While speaking thus, in his quiet, even way, he continued with his mending. Here is the true sage, I thought to myself. Male and female equally divided; passionate, yet calm and patient; detached, yet giving fully of himself; seeing clearly into the very soul of his beloved, steadfast, devoted, almost idolatrous, yet aware of even her slightest defects. A truly gentle soul, as Dostoievsky would say.

And they had thought I would enjoy meeting this individual because I had a weakness for fools!

Instead of talking to him they plied him with questions, silly questions which were intended to reveal the absurd innocence of his nature. To all their queries he replied in the same vein. He answered them as if he were replying to the senseless remarks of children. While thoroughly aware of their abysmal indifference to his explanations, which he purposely drew out, he spoke as the wise man so often does when dealing with a child: he planted in their minds the seeds which later would sprout and, in sprouting, would remind them of their cruelty, their wilful ignorance, and the healing quality of truth.

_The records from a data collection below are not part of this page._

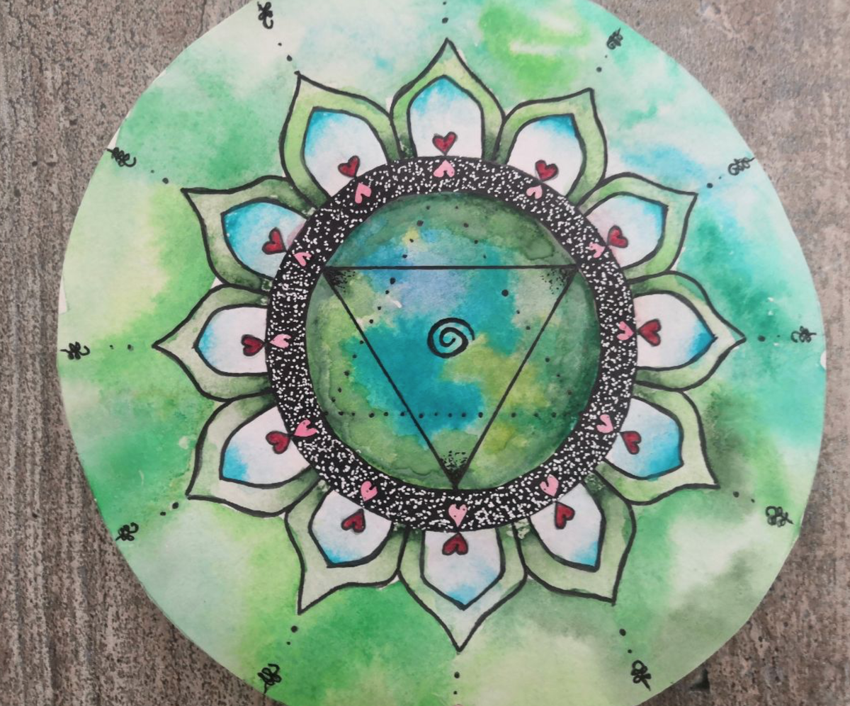 Взяв зеленый, как весенняя трава, лист бумаги, внимательно посмотрим на него и, удобно усевшись с выпрямленным позвоночником, начнем дышать на анахата-чакру. Она находится рядом с сердцем, ее стихия Воздух. Она имеет 12 лепестков и включается сострадательной и родственной любовью. Анахата - это удивительное место в нашем существе, где обитает счастье. Центр, объединяющий физические, эмоциональные, интеллектуальные и духовные энергии. Энергетический центр любви, который при правильном развитии дает способности к эмпатии и целительству. Качество ее энергии - прохлада. Она влияет не только на умение любить сердцем, сострадать, лечить руками, прощать обиды и доверять процессу жизни, воспринимать красоту, хранить верность любимым людям. От хорошей работы этой чакры зависит здоровье сердца, легких, системы кровообращения, кожи.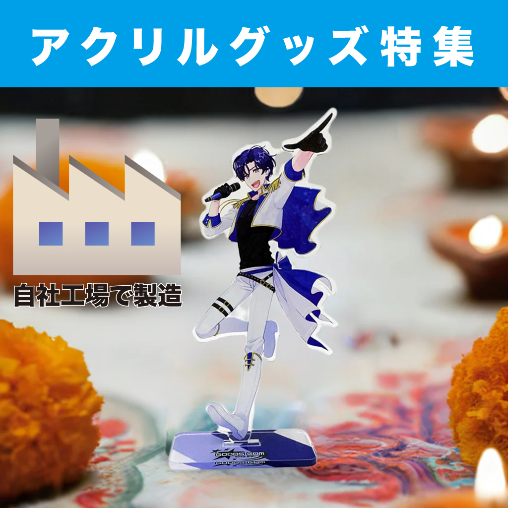 特に、自社工場にて、アクリルキーホルダーやアクリルスタンドなどの製造やTシャツなどのガーメント印刷の製造を行っており、データから商品になるまで一気通貫して行うことでコストパフォーマンスの良い価格と品質とサービスをご提供しております。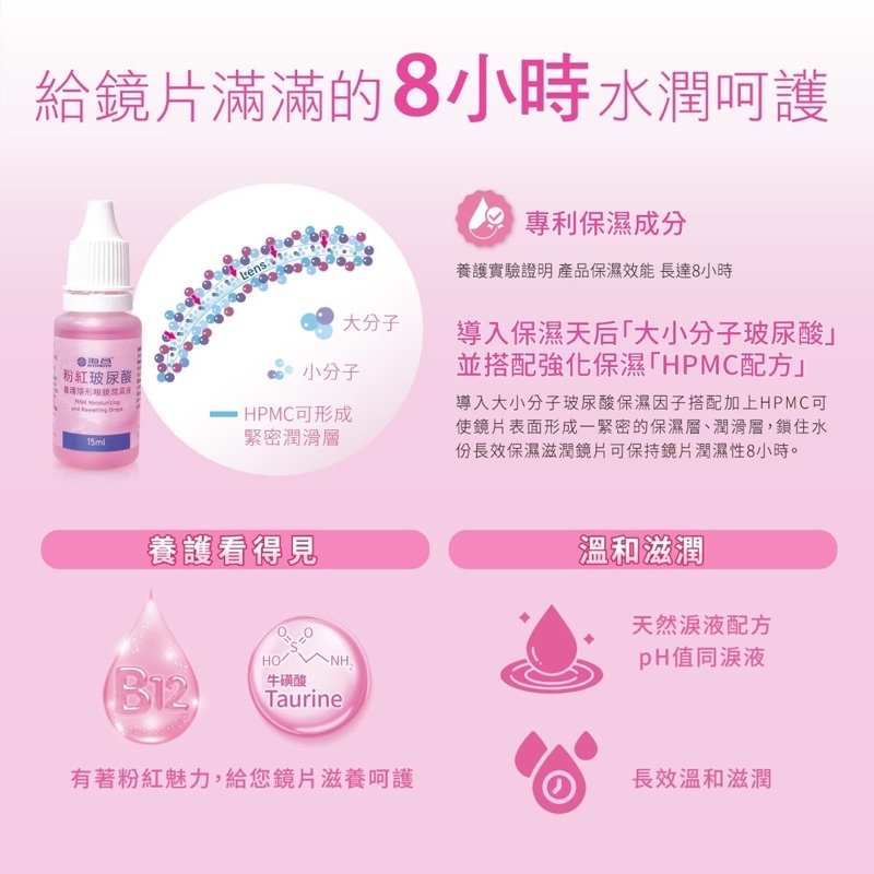 導入大小分子玻尿酸保濕因子搭配加上HPMC可使鏡片表面形成一緊密的保濕層、潤滑層,鎖住水份長效保濕滋潤鏡片可保持鏡片潤濕性8小時。
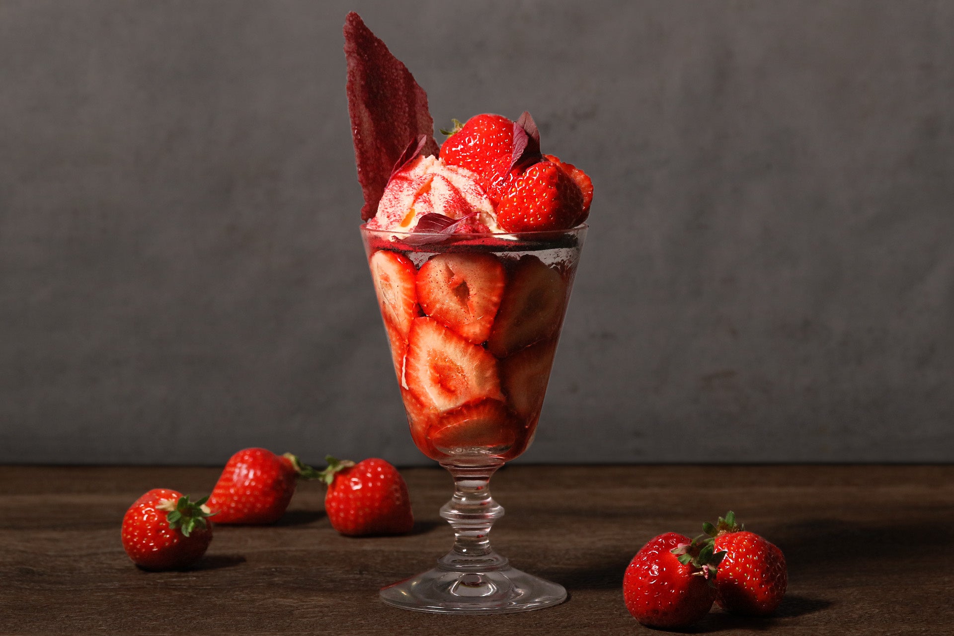 ジュレを纏わせ華やかな装いのあまおうを、グラスいっぱいに敷き詰めたパフェ。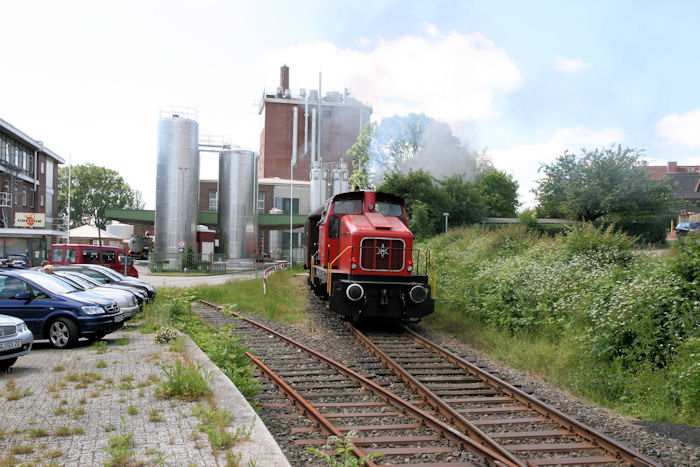 | 27.06.2010 - 11:00:41 Uhr - Kappeln/Schlei: Angelner Dampfeisenbahn Erste Tagesfahrt: Kappeln - Süderbrarup und zurück Der Zug passiert jetzt das Cremilk-Werk in Richtung Süderbrarup. Foto: Eckhard Schmidt - Kappeln - (C) 2010 |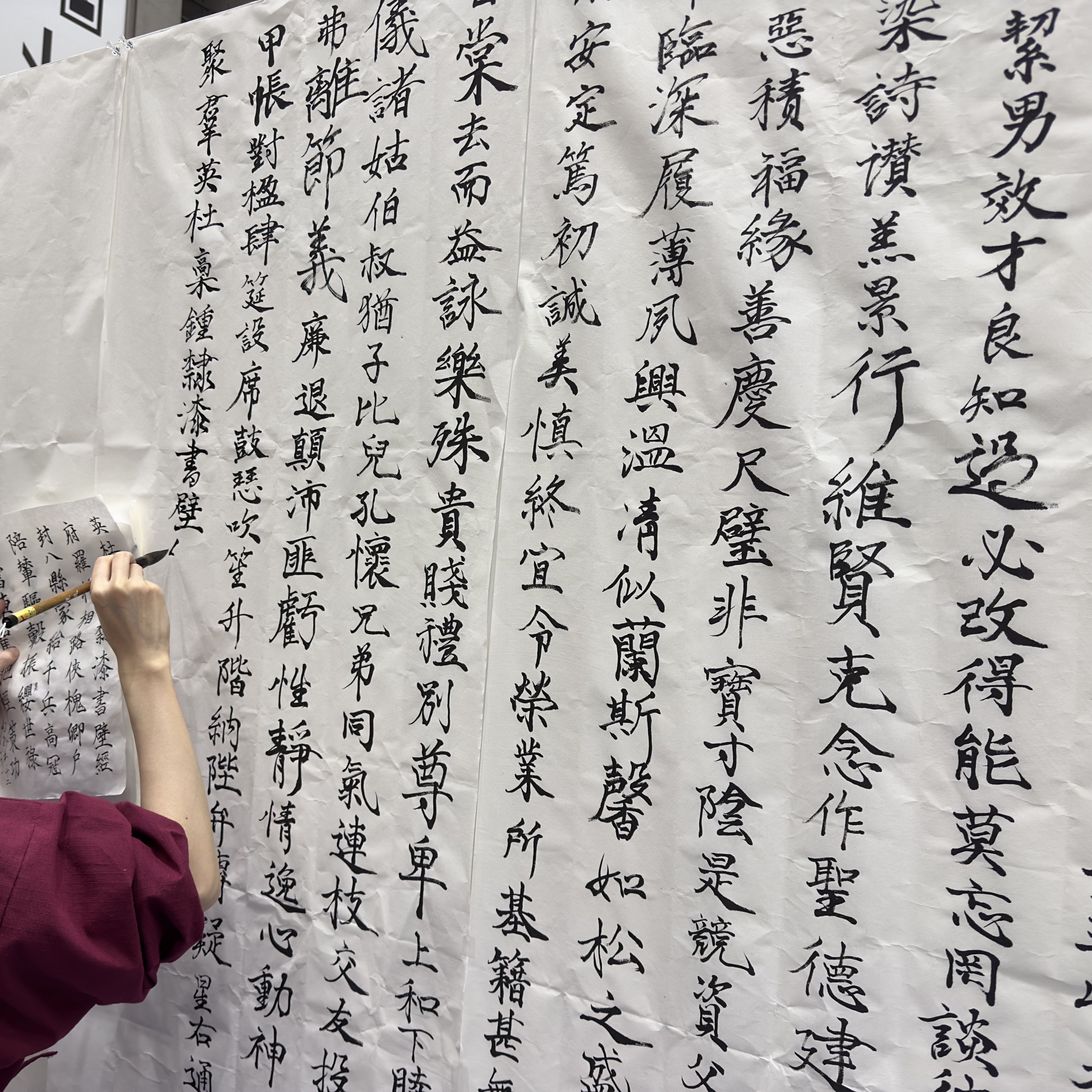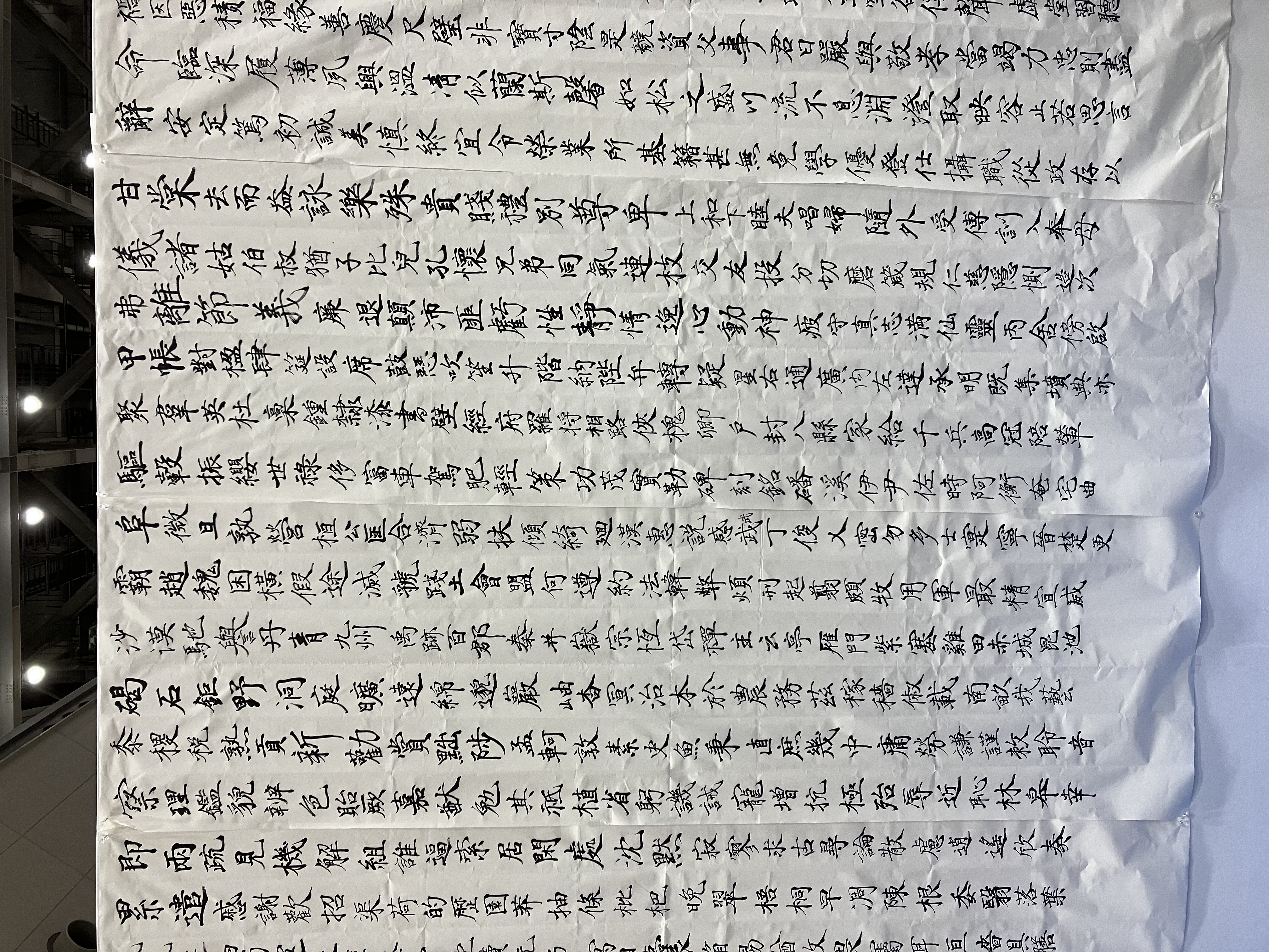 デザフェスの壁作品ですが、塗料や墨だと乾かず垂れるだろうなと思ったので、二八と呼ばれる大きなサイズの紙を7枚くらい貼って書いていました。にじみの少ない紙質のものを選んだので、墨をつけ過ぎない限りは垂れません。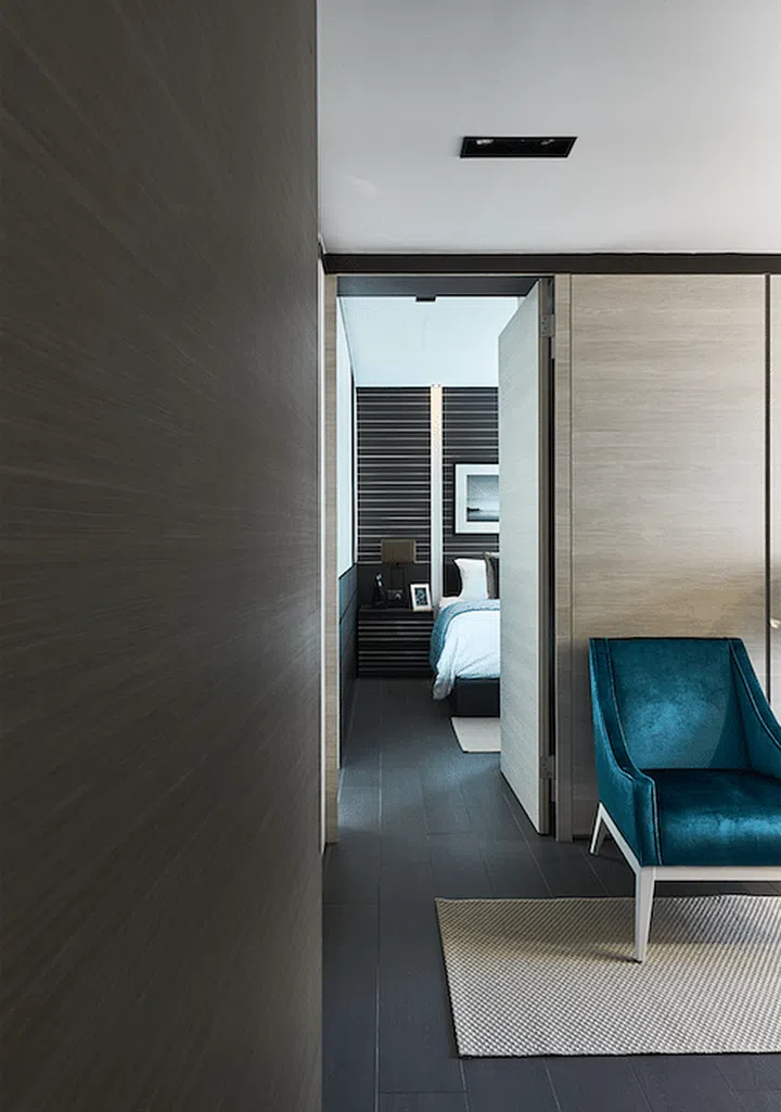 All the doors and built-in cabinets are flush with adjacent walls to create a seamless effect throughout the apartment.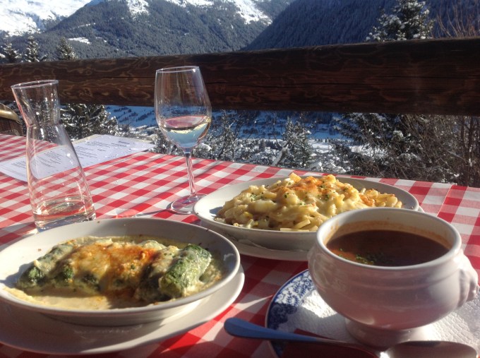 When in Davos you can take the funicular up to the Schatzalp or “Magic Mountain” and bask in the beauty, sunshine, and delicious Alpine food of the region. We found the Panorama at Restaurant Schatzalp. We had the perfect day to sit on the terrace and dine at one of the most scenic restaurants I have ever been to.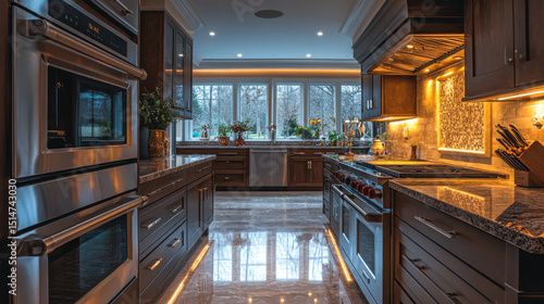 A sophisticated kitchen space featuring gleaming marble, subtle ambient lighting, and modern appliances

In effect they were not quite as callous as their conduct might have led one to believe. They were drawn to him, one might even say they loved him, in a way which to them was unique. No one else they knew could have elicited such sincere affection, such deep regard. They did not ridicule this love if such it was. They were baffled by it. It was the sort of love which usually only an animal is capable of evoking. For only animals, it would seem, are capable of manifesting that total acceptance of human kind which brings about a surrender of the whole being—an unquestioning surrender, moreover, such as is seldom rendered by one human to another.

To me it was more than strange that such a scene should occur around a table where so much talk of love was constantly bandied. It was because of these continual eruptions indeed that we had come to refer to it as the gut table. In what other dwelling, I often wondered, could there be this incessant disturbance, this inferno of emotion, this devastating talk of love resolved always on a note of discord? Only now, in Ricardo's presence, did the reality of love show forth. Curiously enough, the word was scarcely mentioned. But it was love, nothing else, that shone through all his gestures, poured through all his utterrances.

Love, I say. It might also have been God.

This same Ricardo, I had been given to understand, was a confirmed atheist. They might as well have said—a confirmed criminal. Perhaps the greatest lovers of God and of man have been confirmed atheists, confirmed criminals. The lunatics of love, so to say.